Zusammenarbeit mit DLRG und Schwimmverband

Darüber hinaus hat das Ministerium eigene Ansätze, wie die Zahl der schwimmfähigen Kinder erhöht werden soll. So steht die Aus- und Fortbildung von Lehrern weit oben auf der Prioritätenliste, außerdem sind die Schulleiter angehalten, ausreichend Sportlehrer einzustellen. Die Schulaufsichten sollen zudem das Gespräch mit den Grundschulen aufnehmen und über mögliche Kooperationen mit anderen Schulen, einen intensiveren Austausch mit den Schwimmhallenbetreibern sowie über eine Zusammenarbeit mit DLRG, Schwimmverband oder Kinderschutzbund reden.

Die drei Organisationen sitzen bereits mit Vertretern des Bildungs- und Innenministeriums, des Landessportverbands, der Landesschüler- und Landeselternvertretung sowie des Instituts für Qualitätsentwicklung an Schulen Schleswig-Holstein regelmäßig an einem Runden Tisch, um die Schwimmausbildung im Land fördern. Eine jährliche Bestandsaufnahme soll klären, inwieweit die geplanten Maßnahmen auch tatsächlich fruchten.

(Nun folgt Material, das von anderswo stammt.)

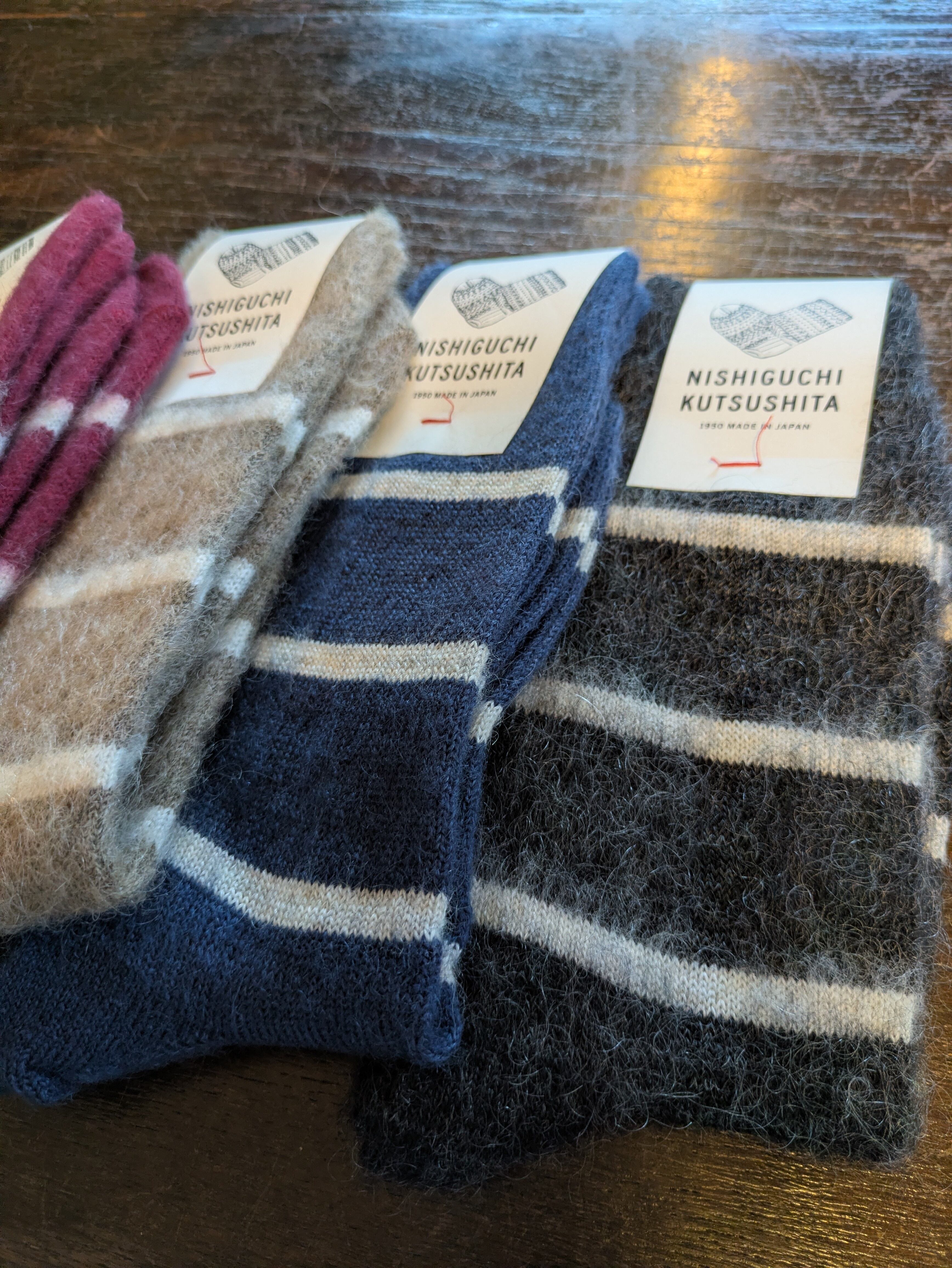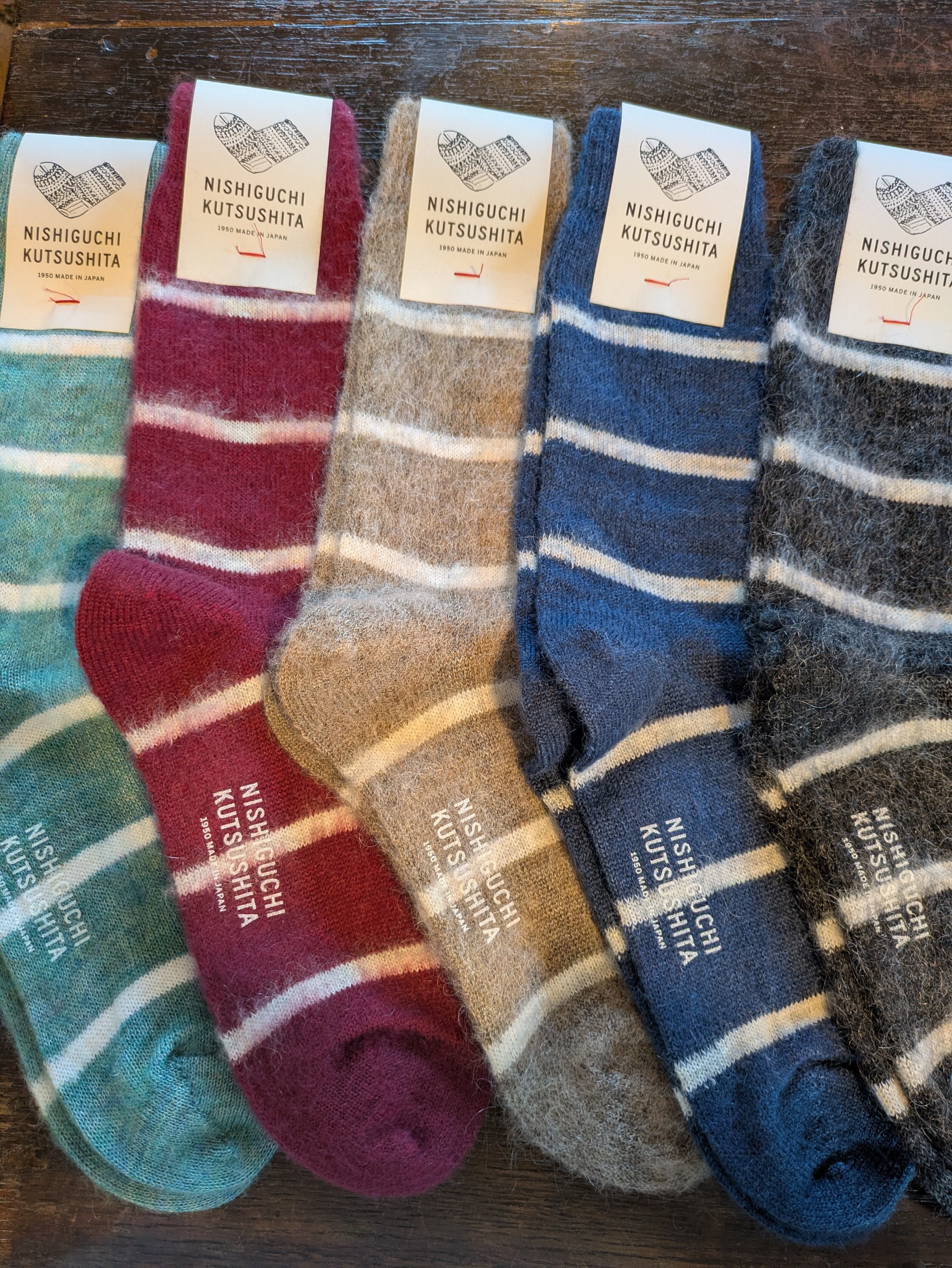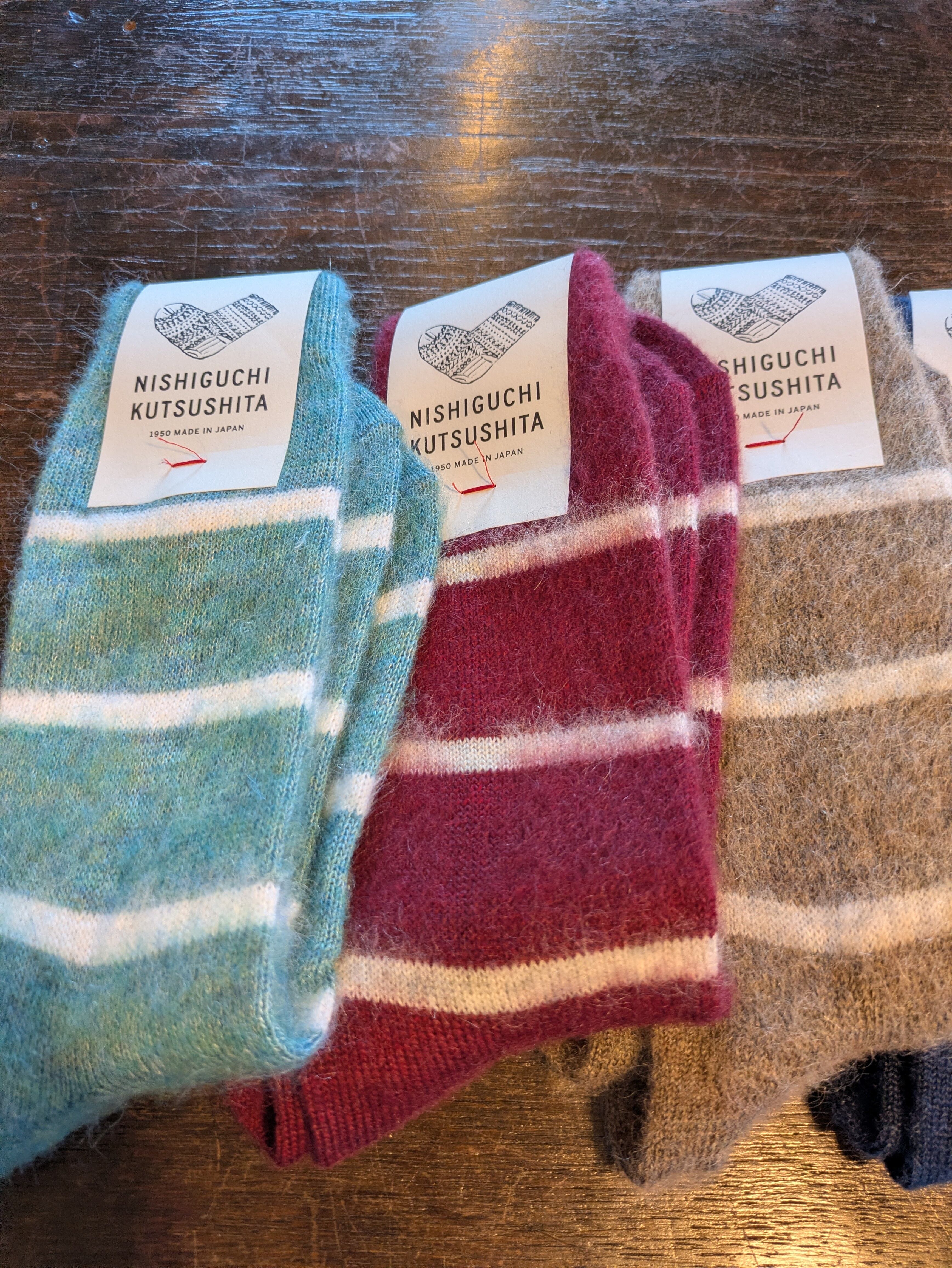 NISHIGUCHI KUTSUSHITA 西口靴下 モヘアウールボーダーソックス 23-25cm

DLRG: Schwimmkurse teilweise überbucht

Schleswig-Holsteins DLRG-Landesgeschäftsführer Thies O. Wolfhagen findet es gut, dass das Thema jetzt intensiver angegangen wird, sagt aber auch: „Der Fonds ist nicht das Allheilmittel. Das Geld ist schnell ausgegeben.“ Schwimmunterricht sei ein verpflichtender Bestandteil der Lehrpläne, was an den Schulen nicht stattfände, könnten Organisationen wir die DLRG nicht auffangen. Bereits jetzt seien die wöchentlichen Schwimmkurse der Rettungsschwimmer im Land stets schnell ausgebucht, teilweise überbucht. Wer sein Kind anmelden möchte, müsse mit längeren Wartezeiten rechnen. „Unser Ansatz mit Mittel aus dem Fonds wäre es, zusätzliche Angebote wie zum Beispiel Ferienschwimmkurse anzubieten. In der Zeit ist es einfacher, Wasserflächen und Ehrenamtler zu bekommen.“ Schulen sollten in diesem Fall als Vermittler zwischen Nichtschwimmern und DLRG fungieren.